Myanmar’s military accused anti-junta protesters of arson and violence as Western countries imposed more sanctions on individuals and groups linked to last month’s coup and an ensuing brutal crackdown on dissent.
Junta spokesman Zaw Min Tun said 164 protesters had been killed in the violence and expressed sadness at the deaths.
“They are also our citizens,” he told a news conference in the capital Naypyitaw on Tuesday.
The Assistance Association for Political Prisoners (AAPP) activist group says at least 261 people have been killed in the harsh crackdown by security forces.
Three people were killed in Myanmar’s second city, Mandalay in unrest on Monday, including a teenage boy, witnesses and news reports said.
Security forces staged more raids in parts of Yangon on Monday night with shots fired and some people wounded, the Mizzima news service reported.
The junta has tried to justify the coup by saying a Nov. 8 election won by Aung San Suu Kyi’s National League for Democracy (NLD) was fraudulent - an accusation the electoral commission rejected. Military leaders have promised a new election but have not set a date and have declared a state of emergency.
Zaw Min Tun blamed protesters for violence and arson and said nine members of the security forces had been killed.
“Can we call these peaceful protesters?” he said, while showing a video of factories on fire. “Which country or organisation would regard this violence as peaceful?”
He said strikes and hospitals not fully operating had caused deaths, including from Covid-19, calling them “undutiful and unethical”.
The spokesman also accused media of “fake news” and fanning unrest and said reporters could be prosecuted if they were in contact with the CRPH, as the remnants of Suu Kyi’s government is known locally. The military has declared the CRPH an illegal organisation.
He gave granular details or how the NLD had created hundreds or even thousands of extra ballots in numerous townships by inventing voters, including in Suu Kyi’s own constituency. Videos of people saying they were paid by NLD representatives were shown at the news conference.

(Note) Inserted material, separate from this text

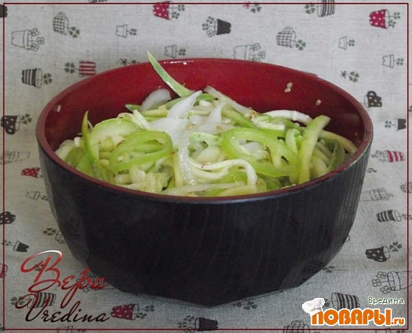 Кабачки тонко нарезать вдоль (пластинками) и нашинковать соломкой.

Also shown was video testimony of former Yangon chief minister Phyo Min Thein saying he visited Suu Kyi multiple times and gave her money “whenever needed”.
Suu Kyi, who won the Nobel Peace Prize for her campaign to bring democratic civilian rule to Myanmar, is being held in detention. Her lawyer says the charges are trumped up.
There were also more examples of demonstrations overnight staged without people in a bid to avoid becoming targeted by security forces trying to stamp out organised rallies.
In Hsipaw in Shan State the names of dead protesters written on cards were laid out next to candles with a sign reading “We spirits don’t want the junta”, DVB TV News reported.
Elsewhere, helium-filled balloons were released on Monday bearing messages calling for international help. Street protesters were replaced by toy cars or dolls, some led by cardboard cutouts or manikins dressed in outfits.
The European Union and the United States imposed sanctions on Monday against individuals involved in the coup and the repression of the demonstrators.
The EU sanctions were the bloc’s most significant response since the overthrow of Suu Kyi’s elected government on Feb. 1.
The 11 people it targeted included General Min Aung Hlaing, the commander-in-chief of the Myanmar military and head of the junta that has taken power.
The EU already has an arms embargo on Myanmar and has targeted some senior military officials since 2018.
German Foreign Minister Heiko Maas told reporters before the meeting that the military repression “has reached an unbearable extent”.
Stronger measures are expected soon as the bloc moves to take aim at businesses run by the military, EU diplomats said.
Washington had already sanctioned Min Aung Hlaing and the measures announced on Monday expanded the list.
The US action targeted senior policeman Than Hlaing and military officer Aung Soe, as well as two Burmese Army divisions, the 33rd Light Infantry and 77th Light Infantry.
US Secretary of State Anthony Blinken said members of the 33rd Division had fired live rounds into a crowd in Mandalay. Both units were part of the security forces’ “planned systemic strategies to ramp up the use of lethal force”, he said.
There was no immediate response from the junta, which has shown no sign so far of being swayed by international condemnation of its actions.